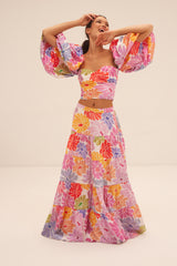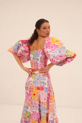 Emilia top is a bustier top with baby-doll sleeves which can be worn on or under the shoulders. Slightly sweat-heart, the bustier has a smocked back and little flounces on the front. Opt for a total look with Odette skirt. This floral set is synonym of feminity.
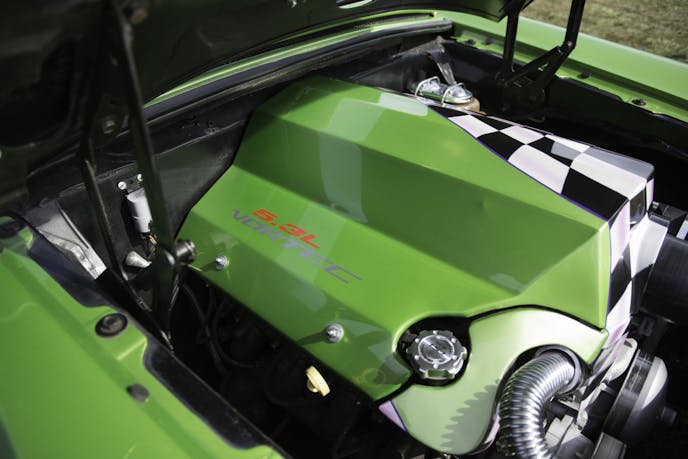 Anyway, let’s get back to where the car sits today. When Pam bought it, after the negotiations, it came with no engine so she put in a fuel-injected small-block Chevy 5.3-liter Vortec engine, a turbo-400 automatic transmission, and 3.42:1 geared positraction rearend. The build sits on an Art Morrison chassis with coilovers all the way around and disc brakes at every corner. “This thing was built it race,” Pam said, “But I just wanted a cruiser.”
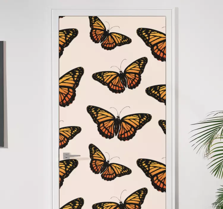 Transform your space with our vibrant Door sticker colorful butterfly illustration! This stunning graphic design features a captivating pattern of majestic butterflies, prominently showcasing the beautiful monarch butterfly in radiant shades of orange. It's not just a sticker; it's a decorative piece that brings the essence of nature right to your door!
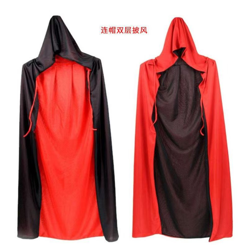 ハロウィーン吸血鬼赤黒マント子供大人化粧衣装道具コスプレ死神立ち襟マント

**What the task asks**. Everything in the material except the pictures should be output verbatim.

**Exercise result**.
 Emilia top is a bustier top with baby-doll sleeves which can be worn on or under the shoulders. Slightly sweat-heart, the bustier has a smocked back and little flounces on the front. Opt for a total look with Odette skirt. This floral set is synonym of feminity.
 Anyway, let’s get back to where the car sits today. When Pam bought it, after the negotiations, it came with no engine so she put in a fuel-injected small-block Chevy 5.3-liter Vortec engine, a turbo-400 automatic transmission, and 3.42:1 geared positraction rearend. The build sits on an Art Morrison chassis with coilovers all the way around and disc brakes at every corner. “This thing was built it race,” Pam said, “But I just wanted a cruiser.”
 Transform your space with our vibrant Door sticker colorful butterfly illustration! This stunning graphic design features a captivating pattern of majestic butterflies, prominently showcasing the beautiful monarch butterfly in radiant shades of orange. It's not just a sticker; it's a decorative piece that brings the essence of nature right to your door!
 ハロウィーン吸血鬼赤黒マント子供大人化粧衣装道具コスプレ死神立ち襟マント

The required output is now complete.